Our operations have been financed primarily by net proceeds from the sale and issuance of our common stock and convertible preferred stock, net proceeds from our initial and subsequent public offering and from sales of shares of our common stock under our ATM, borrowings under the Loan Agreement, the issuance of notes, grant revenue and, during
our collaboration with Merck, which was in place from 2003 to 2011, certain payments received under our collaboration agreement.
On March 27, 2024, we filed a shelf registration statement on Form S-3, or the 2024 Registration Statement. Pursuant to the 2024 Registration Statement, we may offer and sell securities having an aggregate public offering price of up to $200.0 million.
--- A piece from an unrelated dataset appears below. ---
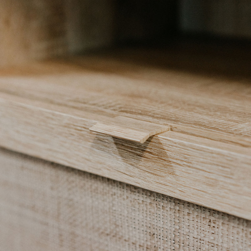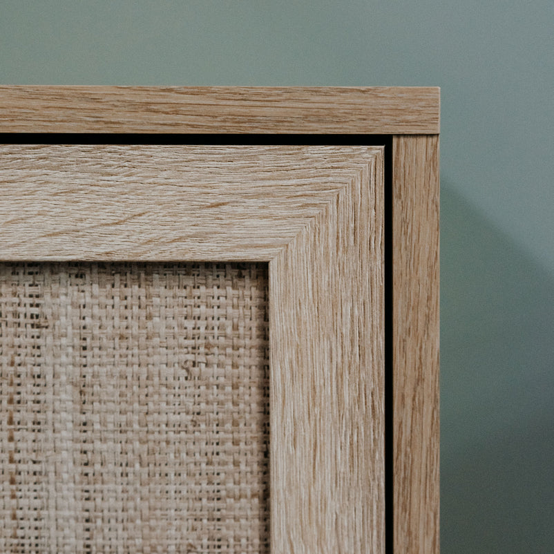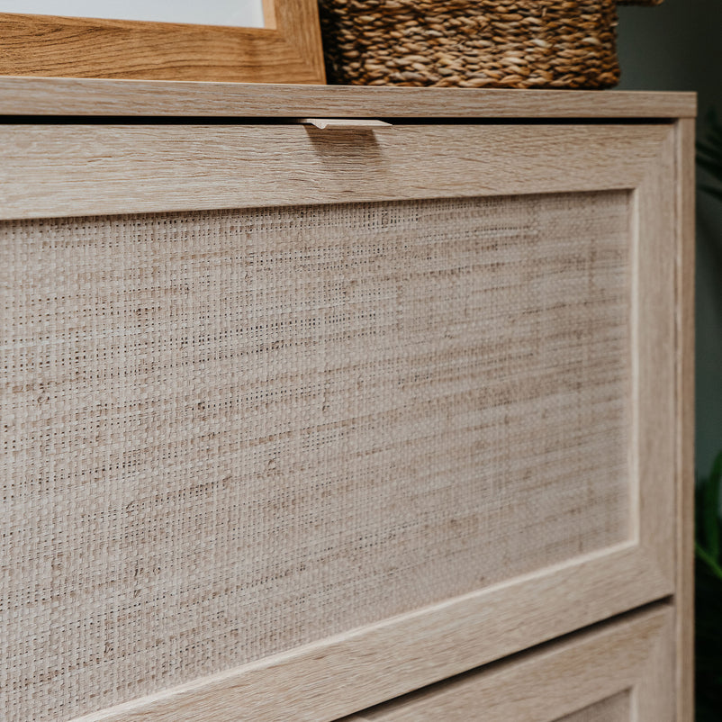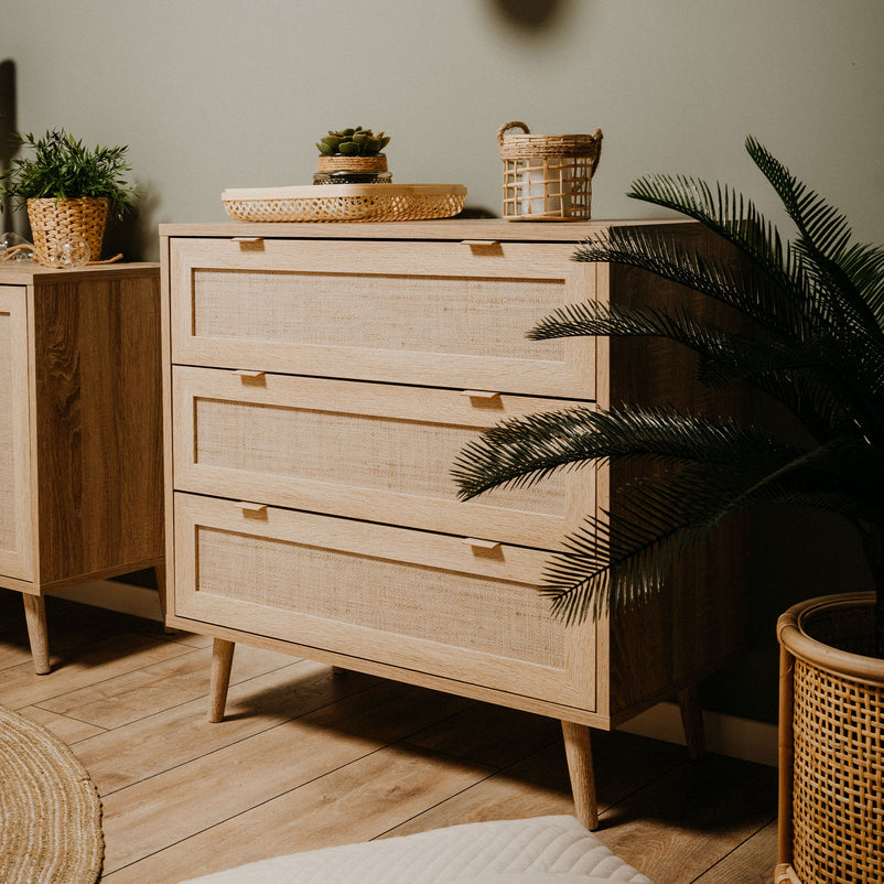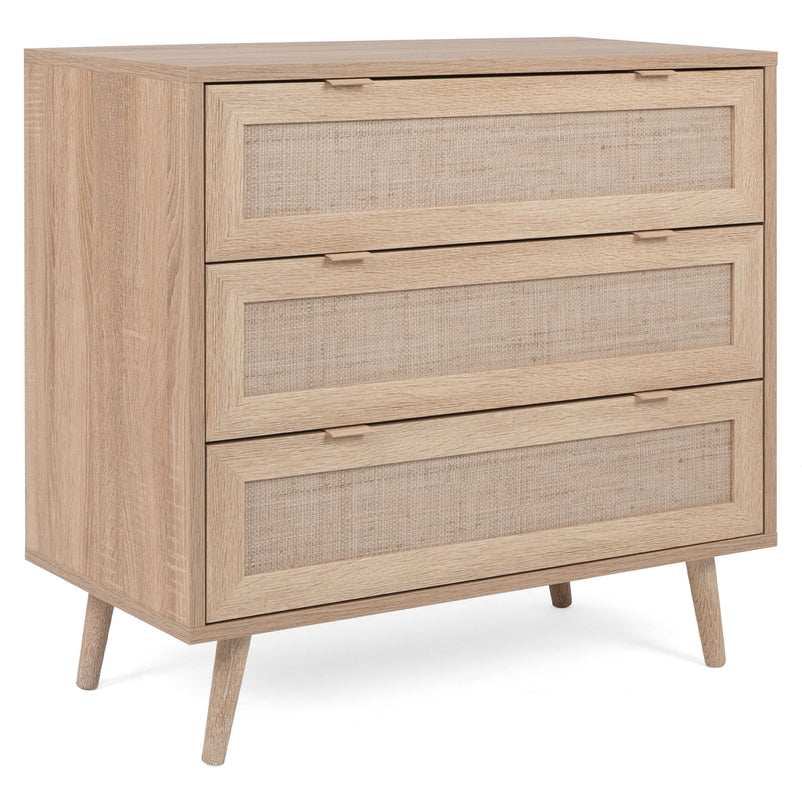 Comodă 3 sertare Majorca. Piesele din gama Majorca sunt realizate din PAL și imitație ratan pe fronturi. Fronturile sunt realizate din PAL cu acoperire celulozică: un print care imită rătanul.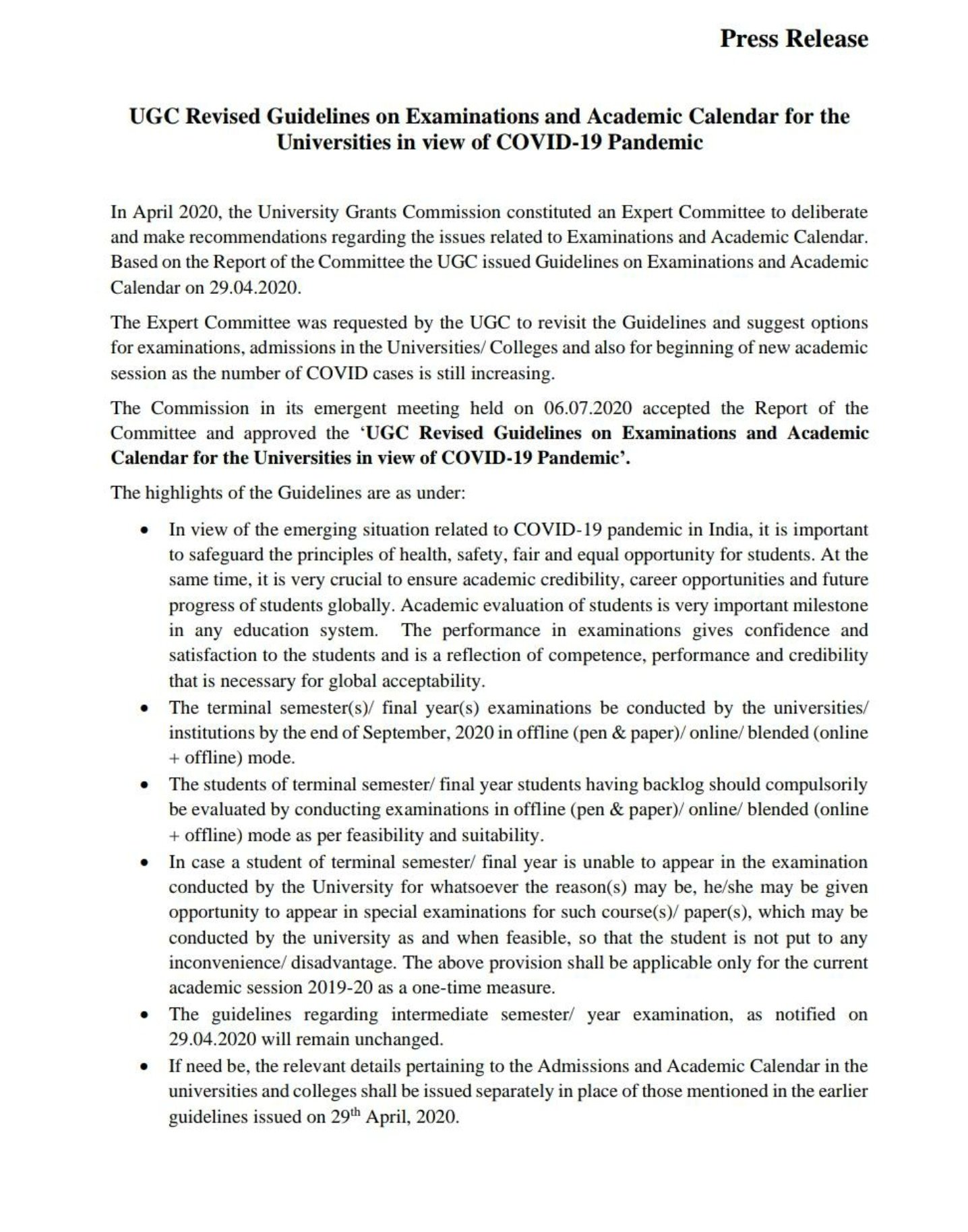 परीक्षा के दौरान स्वास्थ्य मंत्रालय की ओर से जारी स्टैंडर्ड ऑपरेटिंग प्रॉसीजर का पालन करना एकदम ज़रूरी होगा। बयान में यह भी कहा गया है कि एग्जाम के संबंध में यूजीसी और विश्वविद्यालयों के एकेडिमक कैलेंडर के दिशा-निर्देशानुसार और केंद्रीय स्वास्थ्य एवं परिवार कल्याण मंत्रालय से मंजूर मानक संचालन प्रक्रिया (एसओपी) के अनुसार सालाना परीक्षाएं अनिवार्य रूप से आयोजित कराई जानी हैं। यूजीसी की नई गाइड लाइंस के अनुसार, विश्वविद्यालयों/शैक्षिक संस्थाओं में स्नातक और परास्नातक की फाइनल ईयर/सेमेस्टर की परीक्षाएं सितंबर 2020 अंत तक आयोजित की जाएंगी।

We have a sales agreement, or, as amended, the Sales Agreement, with BofA Securities, Inc., Stifel, Nicolaus & Company, Incorporated and BTIG, LLC as sales agents, pursuant to which we may issue and sell shares of our common stock for an aggregate offering price of up to $50.0 million under the ATM, which is included in the $200.0 million of securities that were registered for sale pursuant to a registration statement on Form S-3 filed in 2022. Pursuant to the Sales Agreement, we will pay the sales agents a commission rate of up to 3.0% of the gross proceeds from the sale of any shares of our common stock. We are not obligated to make any sales of shares of our common stock under the ATM.
During the six months ended June 30, 2025, no shares of common stock were issued under our ATM. In January 2024, we issued 2,068,246 shares of common stock under the ATM for net proceeds of $7.9 million, or $3.84 per share.
As of June 30, 2025, we had cash and cash equivalents and marketable securities totaling $166.2 million. Our available-for-sale marketable securities mature within two years. Based on our current operating plan, we expect that our existing cash and cash equivalents and marketable securities will be sufficient to enable us to fund our operating expenses and capital expenditure requirements into early 2027. We have based this estimate on assumptions that may prove to be wrong, and we could exhaust our available capital resources sooner than we expect, including based on our decision to initiate other clinical trials or programs.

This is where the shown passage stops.